About this exercise: Only the lines from the start of the entries through the line with "Красные боксерские перчатки на белом фоне" should be returned, each exactly as it stands, and no pictures.

Information:
________________________

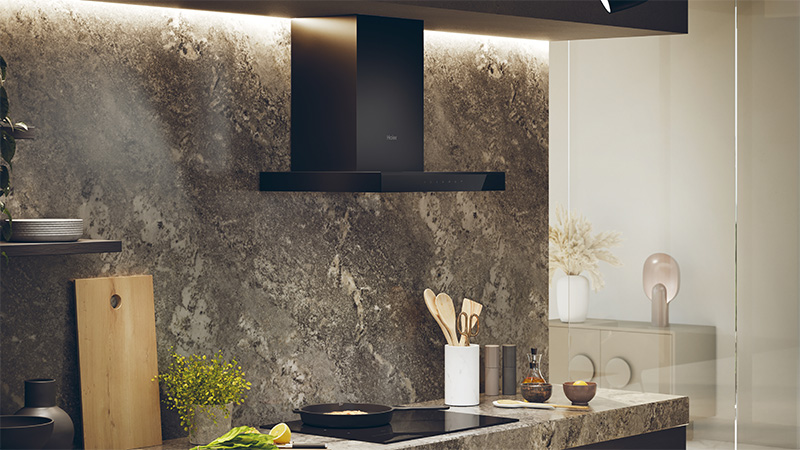Elegantna Haier napa s perimetralnim usisavanjem učinkovito eliminira neželjene mirise i dim, osiguravajući svjež i čist zrak u vašoj kuhinji.
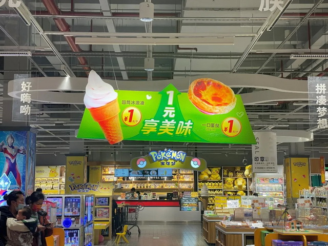 体验感不仅在于商品陈列的方式上,在这家店里,还开设了宝可梦主题休闲吧和酒吧。IP主题休闲吧可以与文创商品做呼应,另一方面也是方便带娃人群。和宜家一样,这家咖啡馆也有1元的冰淇淋、5元的美式,用极具性价比的食品起到引流作用。
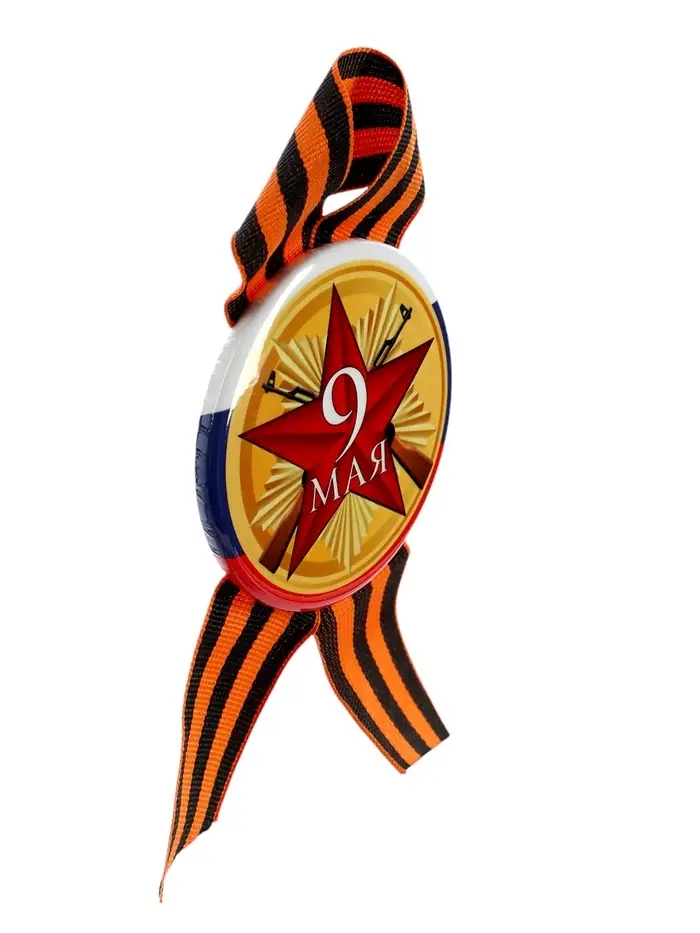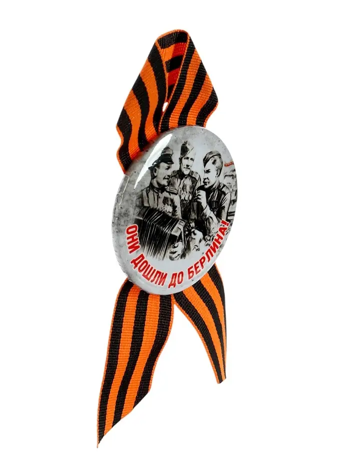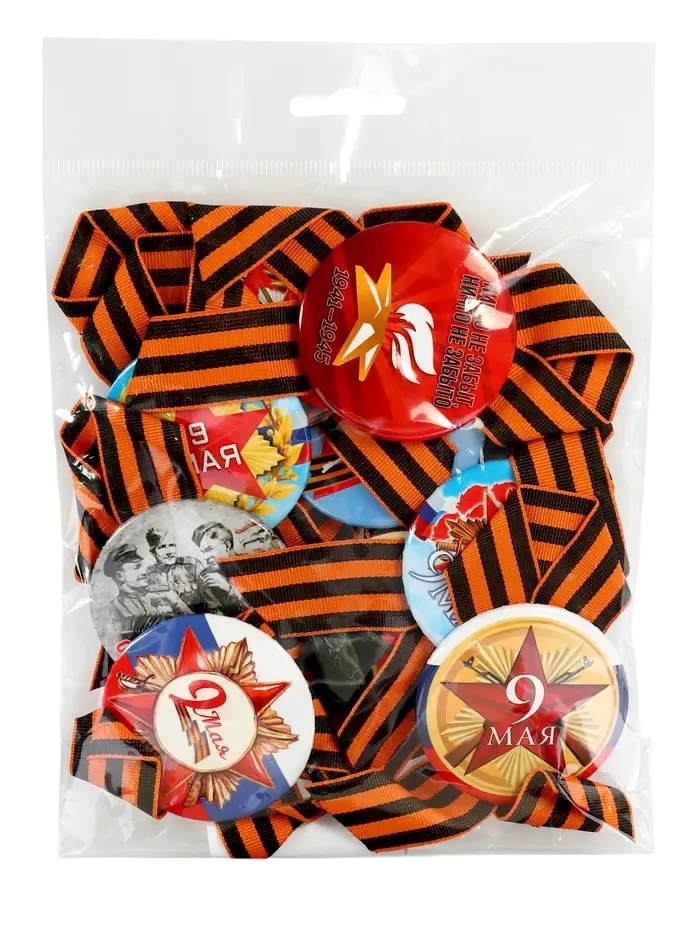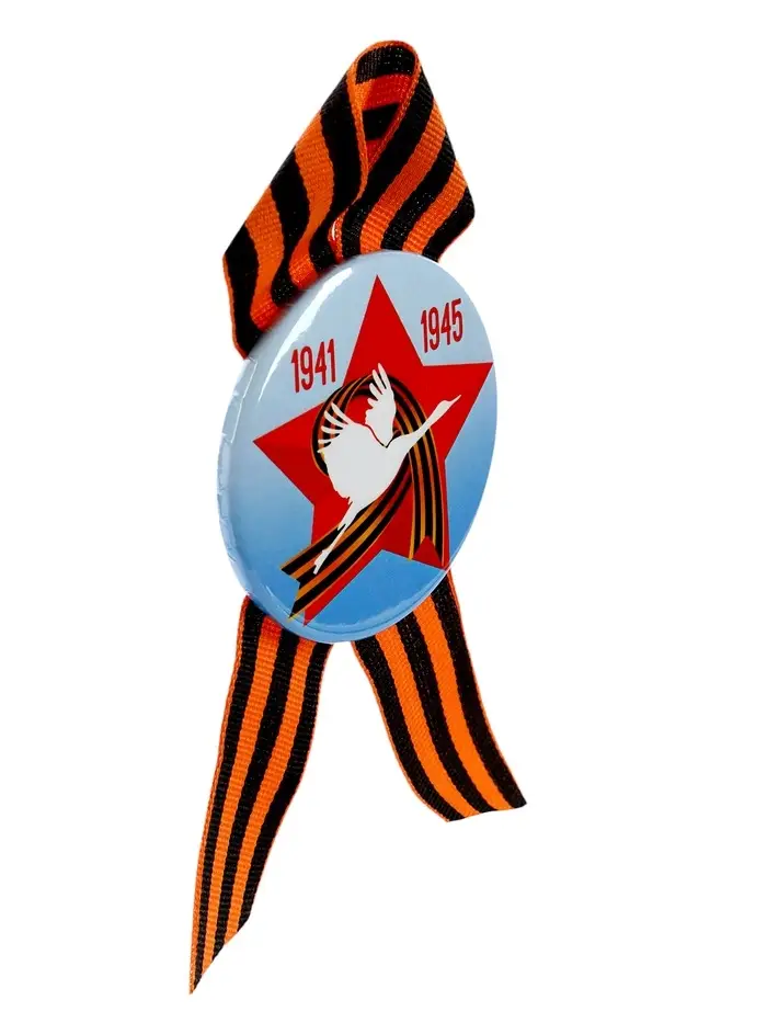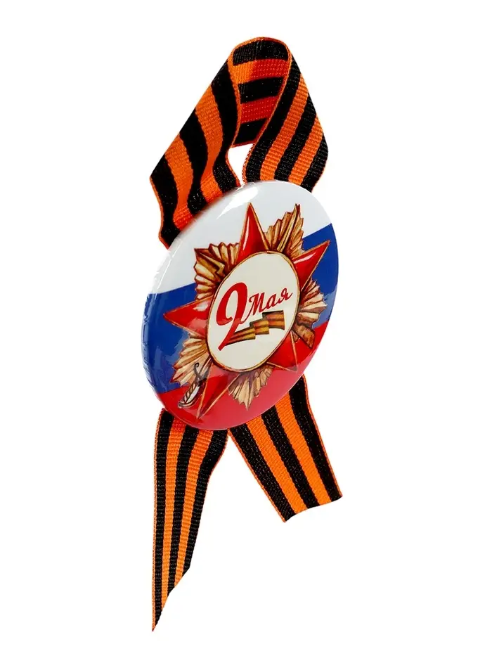 Значок закатной с георгиевской лентой «9 Мая», МИКС
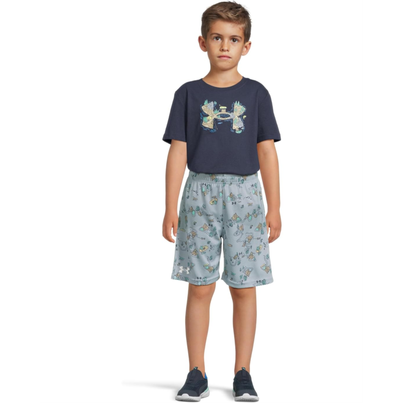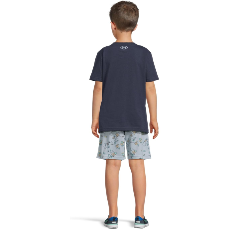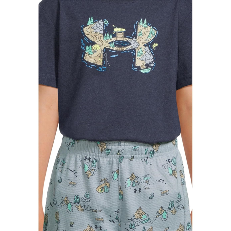 The Under Armour Kids US Lake Logo Set is designed for all-day comfort and play. The ultra-soft cotton-blend tee keeps things light and breathable, featuring a ribbed crew neckline, short sleeves, and bold graphic details on the front. Paired with moisture-wicking mesh shorts that offer cooling airflow, an encased elastic waistband, and playful graphic accents.
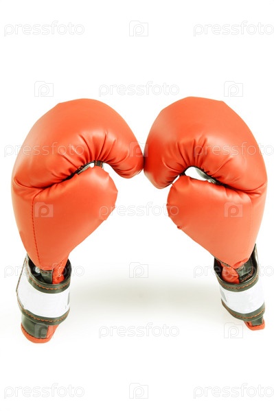 Красные боксерские перчатки на белом фоне
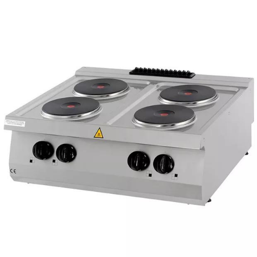 Når kokeapparater brukes svært intensivt til daglig, er det viktig at de tåler juling og holder lenge. Derfor er denne fire-brenners elektriske koketoppen spesialdesignet for travle og store kjøkken i restauranter, lunsjrom og hoteller. Huset er laget av tykt rustfritt stål. Derfor er den robuste og svært holdbare konstruksjonen utmerket for hyppig bruk. Siden denne koketoppen er ganske tung å flytte rundt raskt, kan du bestille en sokkel i rustfritt stål med den.
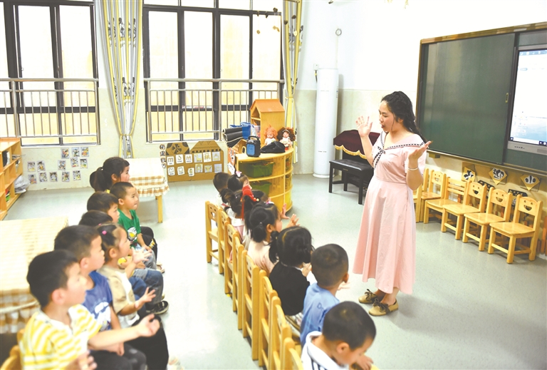 广西壮族自治区乐业县新化镇百坭村是“七一勋章”获得者黄文秀生前工作过的地方。近年来,在黄文秀先进事迹感染下,一批“80后”“90后”和“00后”,相继来到百坭村,他们把青春投入乡村振兴工作。如今,百坭村的面貌发生了翻天覆地的变化。 百坭村文秀幼儿园,31岁的黄光面带着小朋友们玩游戏。新华社记者 黄孝邦 摄
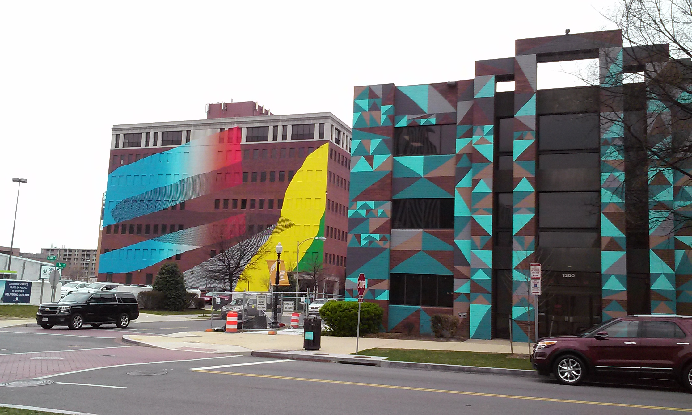 The NoMa area in DC has been experience a revitalization of new building and interesting urban art. These are buildings that have been painted to add interest their brick walls and are my favorite.
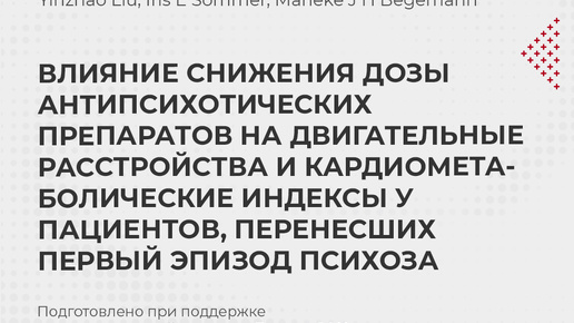 Издание Schizophrenia Bulletin опубликовало результаты исследования, проливающего свет на последствия снижения дозы антипсихотических препаратов у пациентов, восстановившихся после первого эпизода психоза. В течение среднего периода наблюдения в 29 месяцев снижение дозы на 1 мг в оланзапиновом эквиваленте от исходного уровня было связано с уменьшением паркинсонизма, потенциальным уменьшением риска поздней дискинезии и снижением ИМТ, окружности талии, общего холестерина, липопротеинов низкой плотности, липопротеинов невысокой плотности...
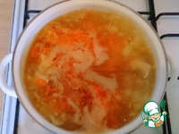 Добавить к нему тёртую (нарезанную, кому как больше нравится) морковь. Пассируем несколько минут. |
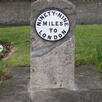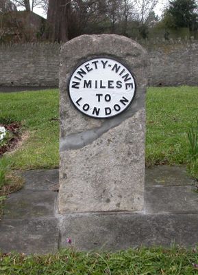 Milestone, Hilperton Road, jcn Roundstone Street, milestone in Trowbridge, West Wiltshire, UK

________________________

Result of this task:
Elegantna Haier napa s perimetralnim usisavanjem učinkovito eliminira neželjene mirise i dim, osiguravajući svjež i čist zrak u vašoj kuhinji.
 体验感不仅在于商品陈列的方式上,在这家店里,还开设了宝可梦主题休闲吧和酒吧。IP主题休闲吧可以与文创商品做呼应,另一方面也是方便带娃人群。和宜家一样,这家咖啡馆也有1元的冰淇淋、5元的美式,用极具性价比的食品起到引流作用。
 Значок закатной с георгиевской лентой «9 Мая», МИКС
 The Under Armour Kids US Lake Logo Set is designed for all-day comfort and play. The ultra-soft cotton-blend tee keeps things light and breathable, featuring a ribbed crew neckline, short sleeves, and bold graphic details on the front. Paired with moisture-wicking mesh shorts that offer cooling airflow, an encased elastic waistband, and playful graphic accents.
 Красные боксерские перчатки на белом фоне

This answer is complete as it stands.